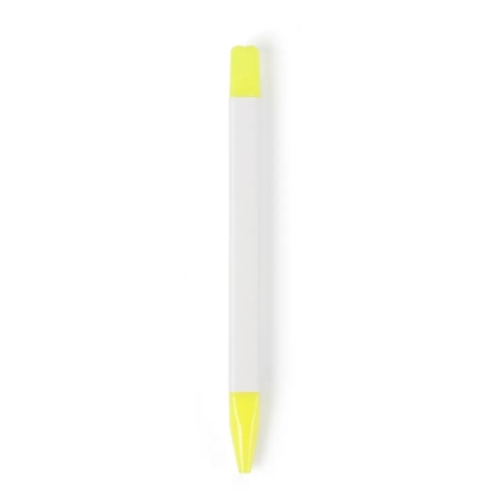 Writing set, pencil, highlighter and ball pens with caps that indicate ink colour
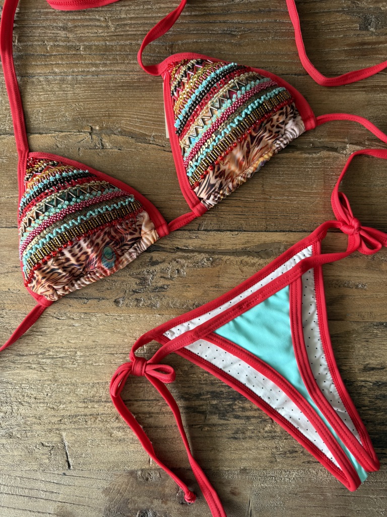 Cada prenda está diseñada y confeccionada a mano por nuestro talentoso equipo en Colombia, garantizando que cada bikini no solo sea único, sino que también esté elaborado con el máximo cuidado y detalle.
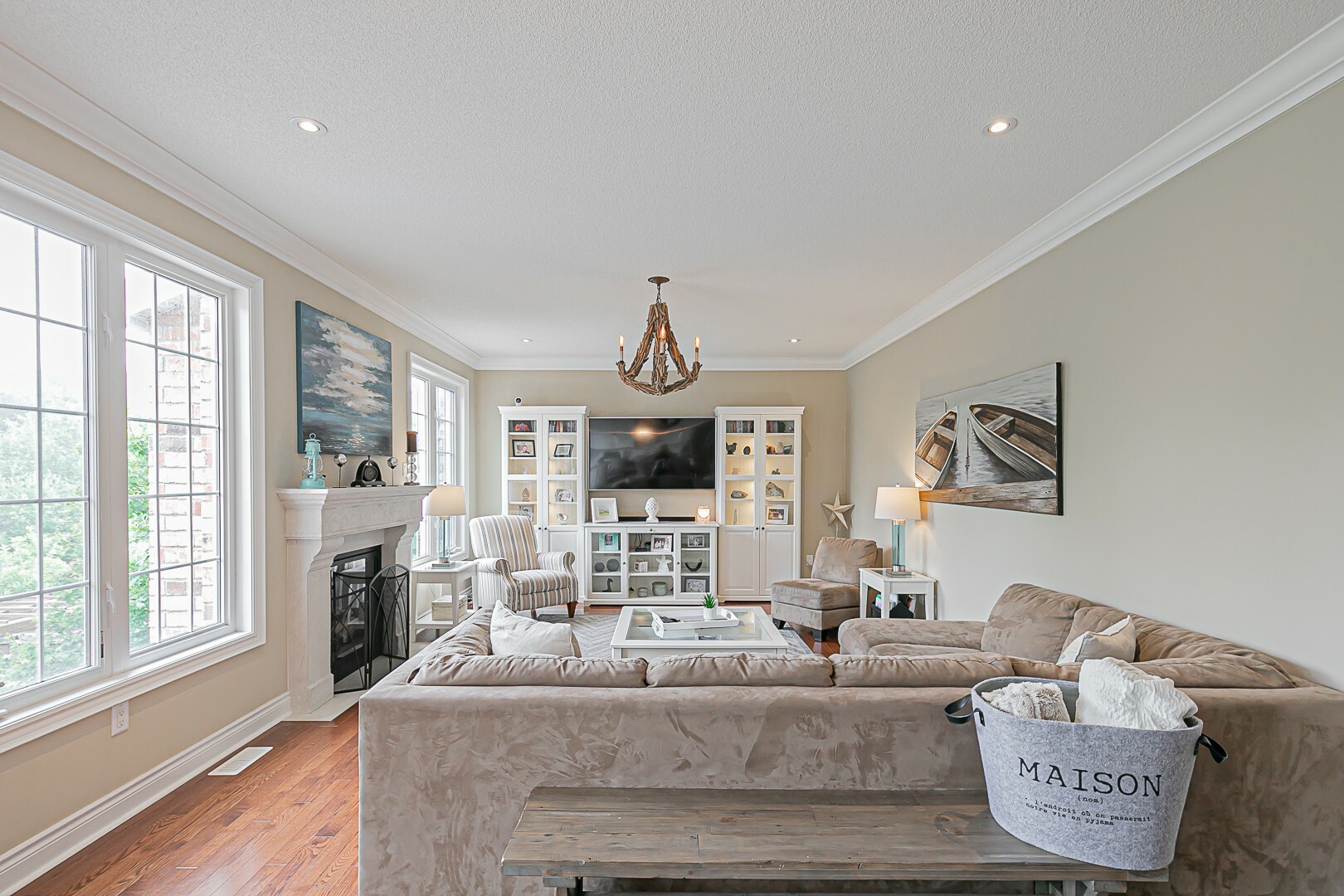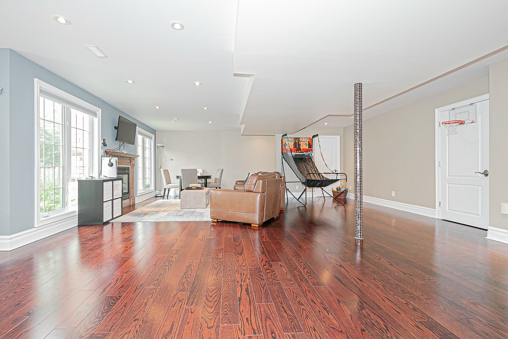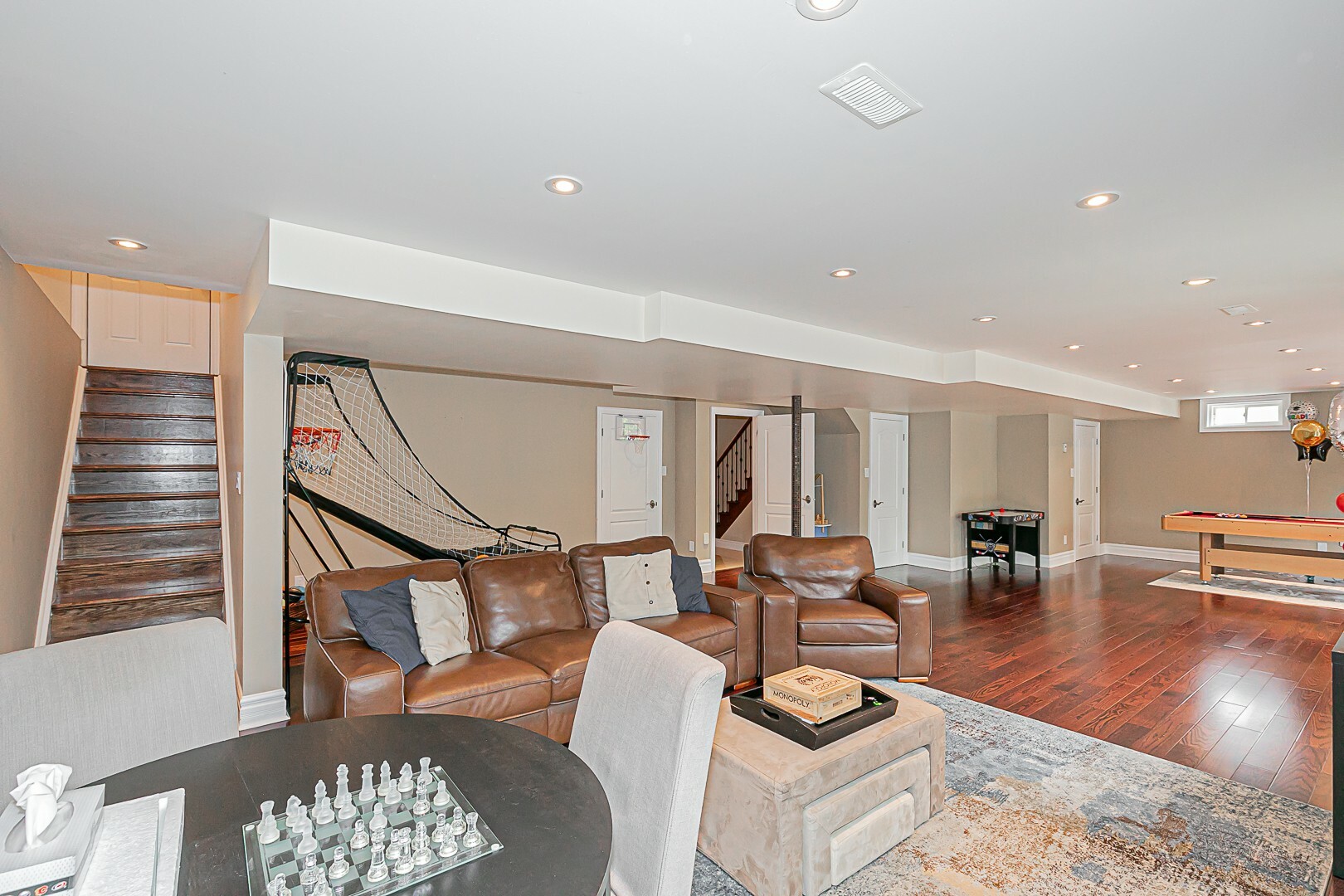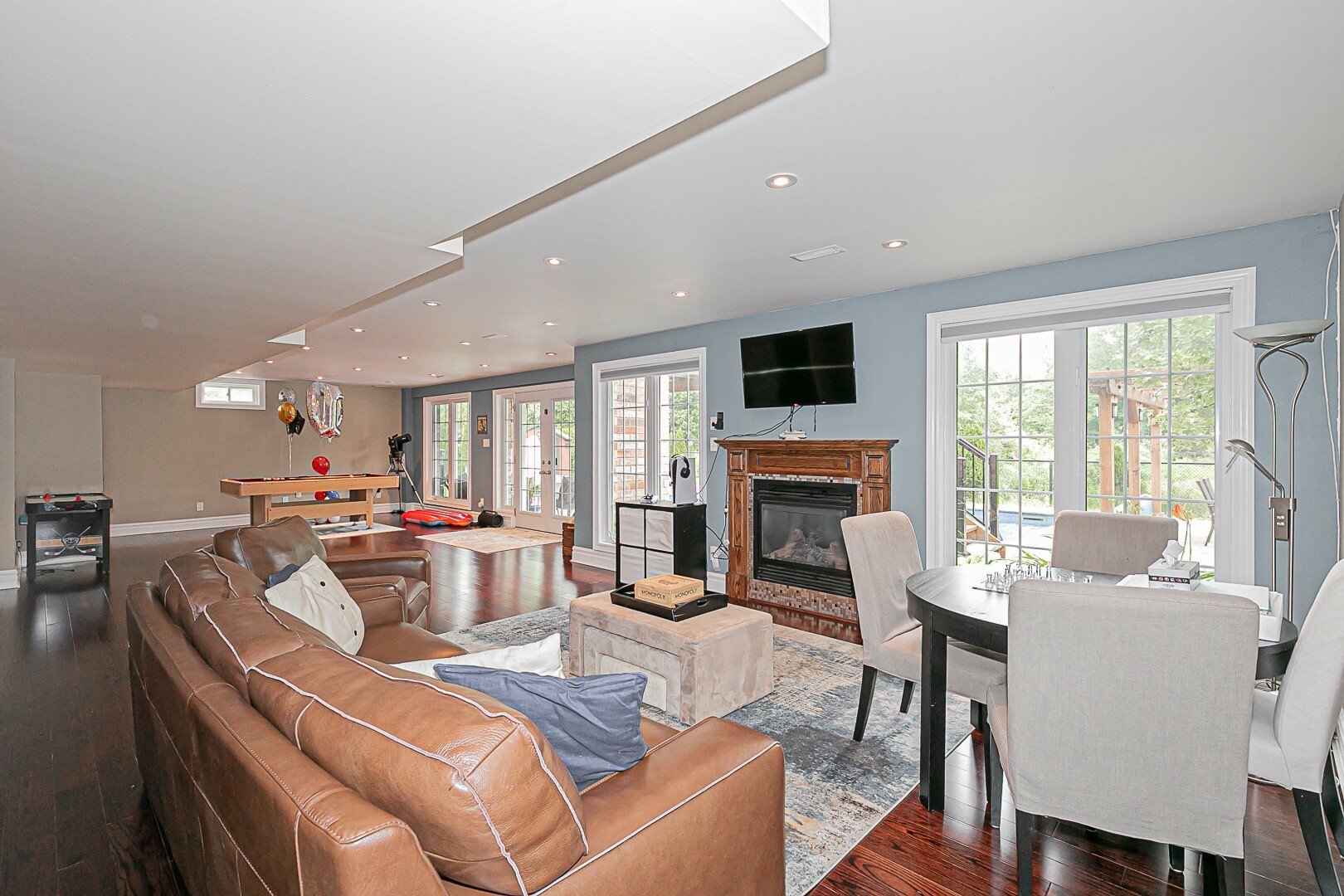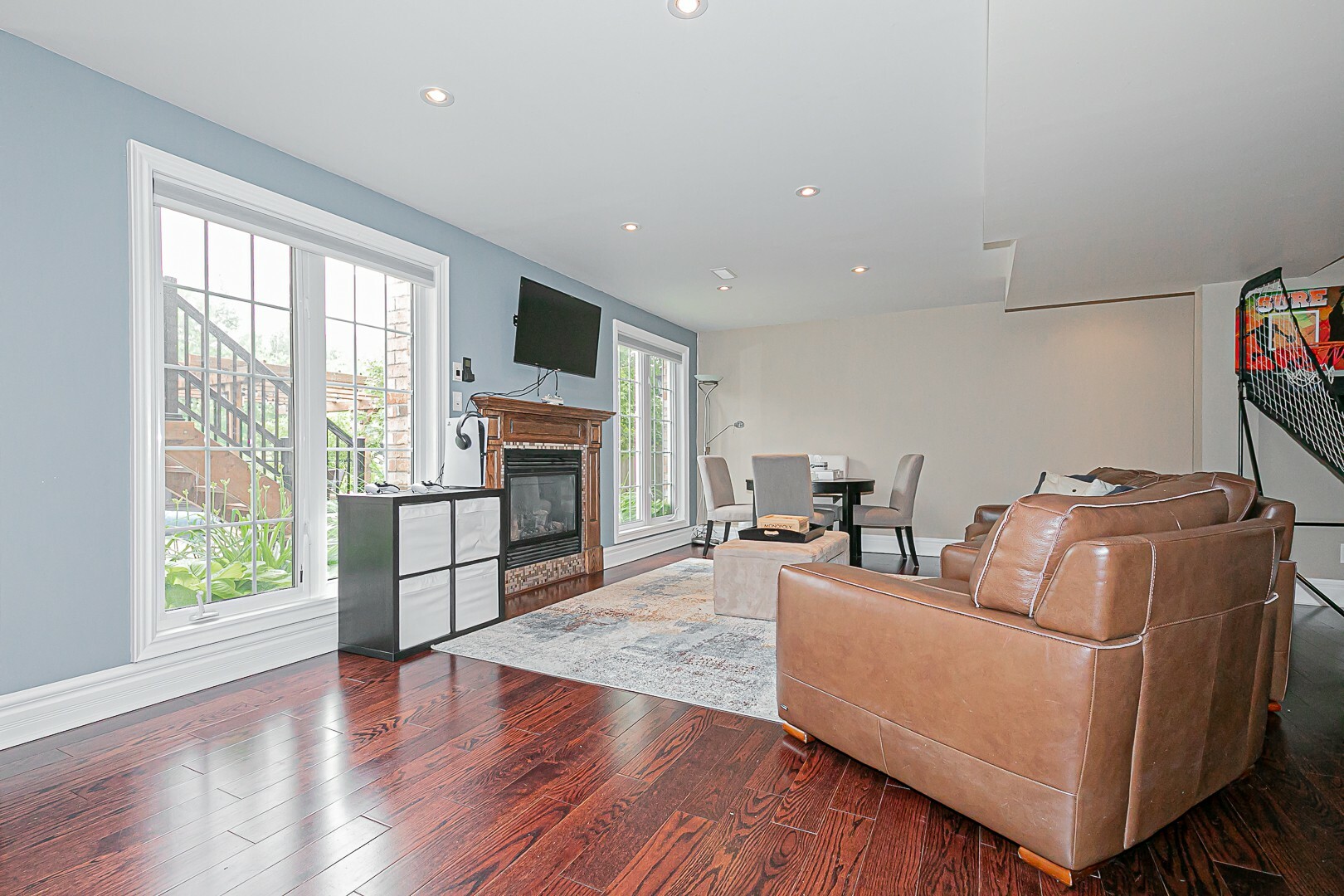 The main level boasts a four-piece bathroom, a convenient garage entry, a well-appointed laundry room, and a second staircase leading to the basement. This thoughtful design allows for potential in-law accommodations or simply provides the opportunity to enjoy the expansive living space in the basement. The lower level features a cozy gas fireplace, an exercise room, a luxurious four-piece bathroom, a sauna for indulgent relaxation, and a versatile den/office or additional bedroom. A cantina and ample storage space complete this level.
+---+
Your task:
Give back all of the data exactly, but not the pictures.

Written response:
 Writing set, pencil, highlighter and ball pens with caps that indicate ink colour
 Cada prenda está diseñada y confeccionada a mano por nuestro talentoso equipo en Colombia, garantizando que cada bikini no solo sea único, sino que también esté elaborado con el máximo cuidado y detalle.
 The main level boasts a four-piece bathroom, a convenient garage entry, a well-appointed laundry room, and a second staircase leading to the basement. This thoughtful design allows for potential in-law accommodations or simply provides the opportunity to enjoy the expansive living space in the basement. The lower level features a cozy gas fireplace, an exercise room, a luxurious four-piece bathroom, a sauna for indulgent relaxation, and a versatile den/office or additional bedroom. A cantina and ample storage space complete this level.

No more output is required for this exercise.